El segundo paso para protegernos de los medios es reconocer que nos afectan. A nadie le gusta admitir que es vulnerable o que no es dueño de su voluntad, pero que los elijamos con libertad no significa que no nos hagan daño. Muchas veces hacemos cosas que nos gustan pese a las posibles consecuencias negativas para nuestra salud, para nuestras relaciones, para nuestra economía… El alcohol es un veneno, las grasas saturadas obstruyen nuestras venas, gastamos más dinero en ropa y zapatos de lo que necesitamos y aun así lo seguimos haciendo. Tampoco es tan cierta la idea de que seamos del todo libres a la hora de elegirlos. Si quieres pertenecer al grupo, intervenir en las conversaciones y no aislarte, no tienes más remedio que estar al día de lo que ocurre en la actualidad. No consultar los medios supone una exclusión casi inmediata del clan, y eso va en contra de nuestra supervivencia. «Una cosa es consumirlos y otra muy distinta ser adicto», pensarán algunos. Pero hasta en esto mentimos. Cuántas veces reconocemos que les dedicamos más tiempo del que nos gustaría y que una pantalla es lo primero que miramos al despertar y lo último que vemos antes de dormir. Es normal que pensemos que algo tan divertido y entretenido es inofensivo, pero que no parezca perjudicial no significa que no lo sea. Su consumo es muy parecido al de los snacks: nadie se resiste a ellos porque están riquísimos, aunque la realidad sea que están llenos de potenciadores y aditivos para engancharte y que no puedas parar. «Cuando haces pop ya no hay stop» = ¡Solo un capítulo más! Las personas que se niegan a admitir la influencia de los medios son mucho más vulnerables a ellos. Esto hace que los consuman sin ningún tipo de restricción ni de límite y, lo que es más peligroso, sin cuestionamiento. Que nadie informe sobre sus efectos secundarios les viene fenomenal a las grandes productoras. Cuanta menos preocupación, menos barreras y mayor tiempo de exposición. Cuantas más personas haya defendiéndolos, más adeptos.

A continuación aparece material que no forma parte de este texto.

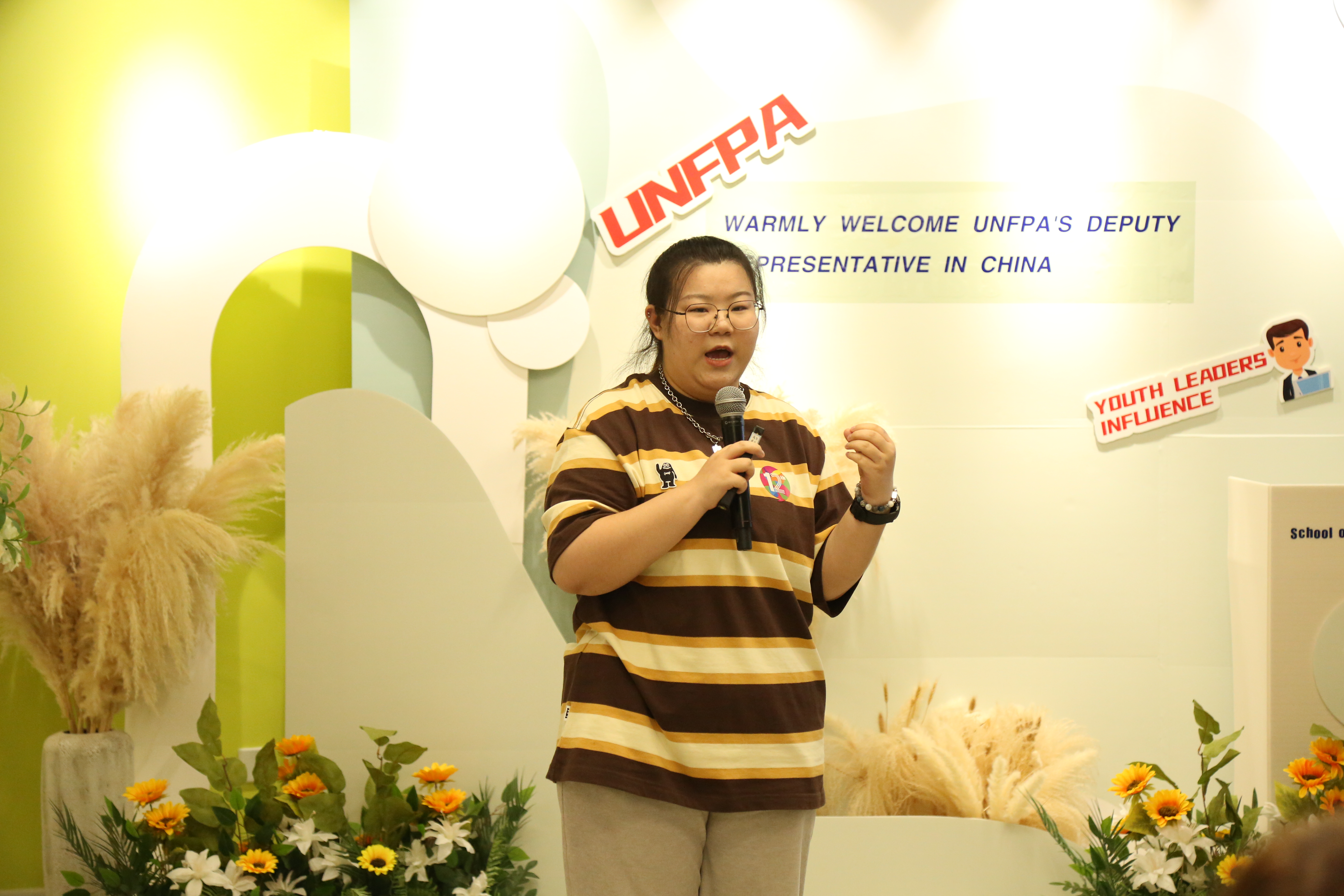 在国际学苑一层大厅,欧雯珊女士与学生代表共同参与“时代青年 共话未来”主题活动,畅谈青年领导力与社会责任。“联合国人口基金UPower计划:青年榜样影响力培训”校园大使代表任泓铮、尚明硕、吴晓闪、杨思佳、王天祎等同学与欧雯珊女士就参加校园大使培训期间的课题进行了汇报。

A lo largo de este libro trataré de explicar de qué manera nos influyen los relatos visuales que vemos a diario, no sin antes aclarar que, del mismo modo que la radiación solar, no nos afectan a todos de forma similar. En la relación que tenemos con los medios intervienen muchos factores, algunos tienen que ver con las personas y otros con el propio medio. El grado de influencia dependerá de la interrelación de todos esos factores y será diferente en cada experiencia. A la hora de exponernos al sol, no es lo mismo tener una piel blanca, que bronceada o negra. No se es igual de vulnerable a los seis años que a los sesenta. No quema igual en Jamaica que en Amsterdam. No tiene el mismo grado de reflexión en el asfalto que en la arena. Cada persona es un mundo y cada caso, particular, pero sí podemos afirmar que no existe nadie inmune a los medios ni a la radiación solar.